# Invariant Logic: Atomic Step 4 (Self-Healing Redo)
## Overview
This document defines the strict operational contract for the "Self-Healing Redo Switch" (Experiment 4).
It is not merely a "retry loop"—it is a **Two-Phase Commit** state machine for token generation.
## 1. The Two-Phase Commit Contract
To maintain determinism and cryptographic auditability, we MUST strictly separate "Sampling" from "Committing".
**Phase 1: Propose (Read-Only)**
- Input: `logits`, `history` (immutable snapshot)

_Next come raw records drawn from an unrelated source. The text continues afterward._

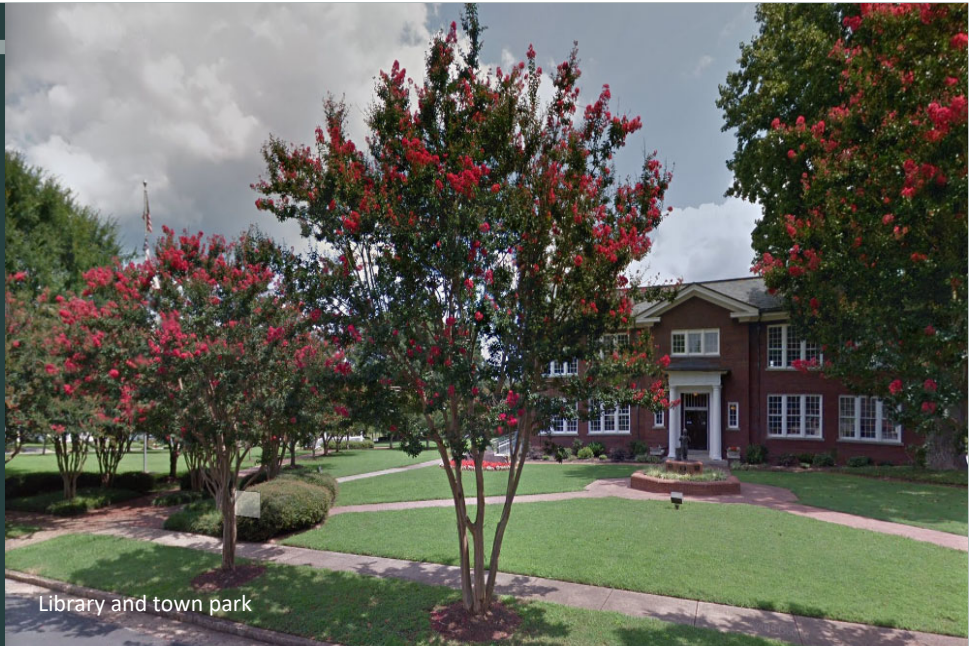
Library and town park

The Board's expectation is that the Assistant Town Manager will work with the current Interim Town Manager over a period of months to learn the Town's operations and get to know the community. As performance proves the hiring decision then the Assistant Town Manager will be eligible for promotion to Town Manager.
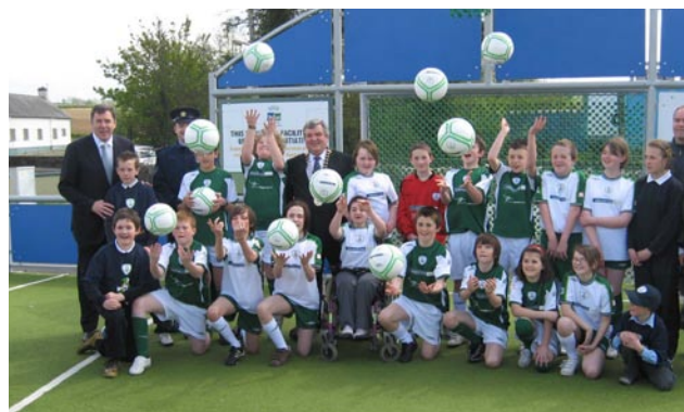
Launch of Ballyshannon Minipitch, April 2009

Further information is available from www.donegalcddb.ie
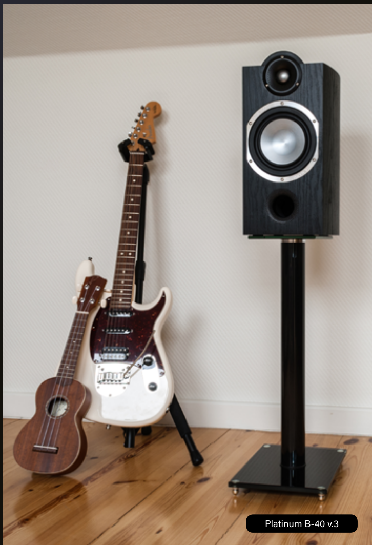
Platinum B-40 v.3

2017-2018 AV TOP 100! Best Buy Award 优秀器材推荐榜
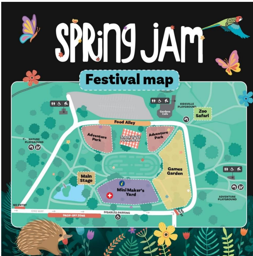
Spring Jam festival map.

Contact 6926 9190 or media@wagga.nsw.gov.au
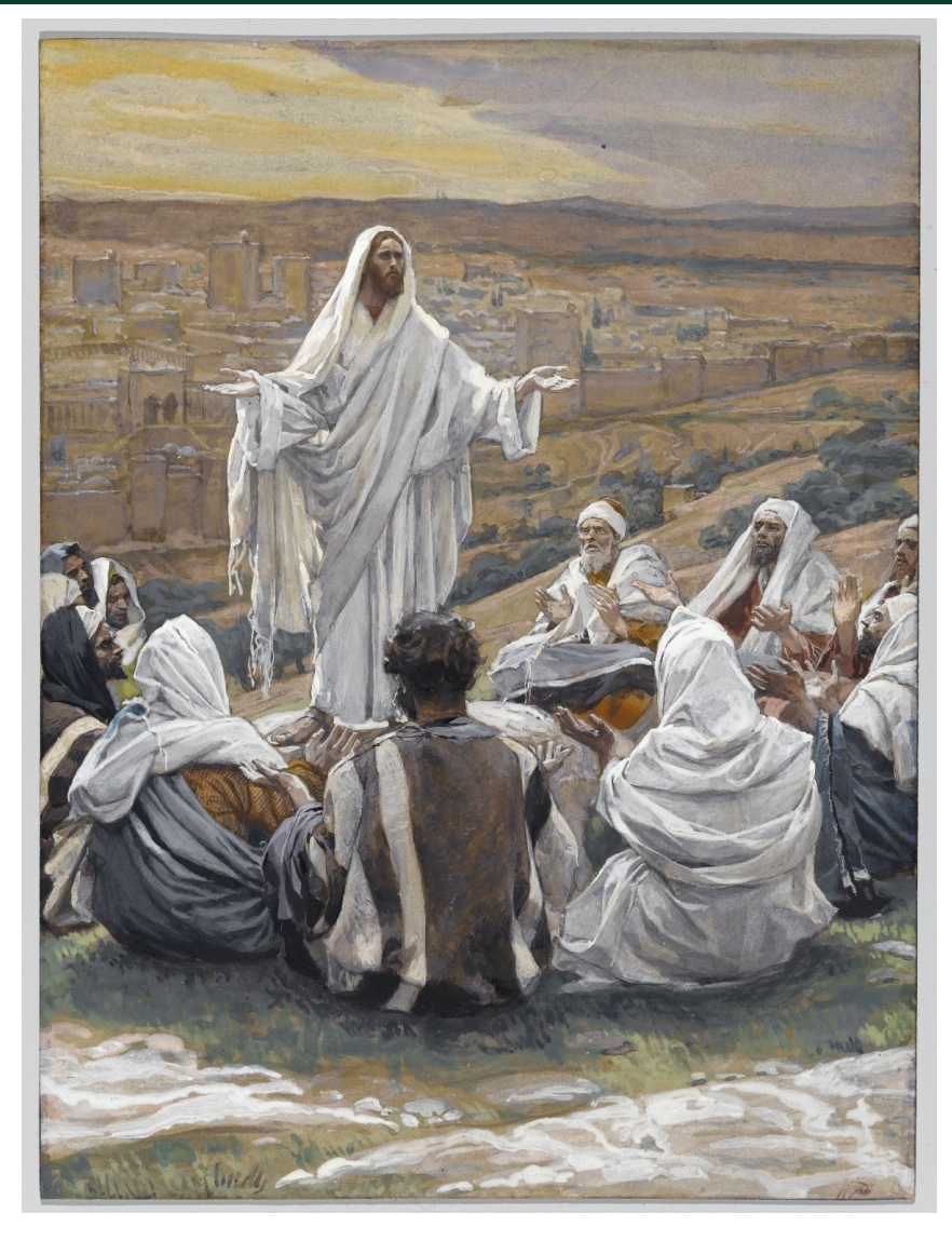
"The Lord's Prayer" by James Tissot

- Operation: Run Sampler variants (Normal -> Strict)
- Output: `CandidateToken`, `Metrics`
- Side Effects: **NONE**. No RNG state advance if using seed-per-token. No KV cache write. No history append.
**Phase 2: Evaluate (Guard)**
- Input: `CandidateToken`, `Metrics`
- Operation: Check Mathematical Set ({})
- Output: `Decision` (Accept / Reject / Abort)
**Phase 3: Commit (Write)**
- Input: `Decision::Accept(token)`
- Operation:
1. Write to KV Cache.
2. Append to History.
3. Send to User/Socket.
4. Log Audit Event (Hash Chain).
## 2. The Logic Flow
```rust
fn generate_next_token(engine, history, logits) -> Result<Token, Error> {
// Attempt 1: Normal Sampler associated with user request
let candidate_1 = sample(engine.rng, logits, user_params);
let metrics_1 = compute_metrics(logits, candidate_1);
if metrics_1.is_safe() {
return commit(candidate_1);
}
// Attempt 2: Lane Assist (Strict Sampler)
let candidate_2 = sample_greedy(logits); // Deterministic, no RNG needed
let metrics_2 = compute_metrics(logits, candidate_2);
if metrics_2.is_safe() {
log_warn("Lane Assist Activated");
return commit(candidate_2);
}
// Attempt 3: Double Fault -> Abort
return Abort("Optimization Failed: Model Collapse");
}
```
## 3. Metrics Definitions (Precise)
We replace the vague "PPL" with precise per-token signals.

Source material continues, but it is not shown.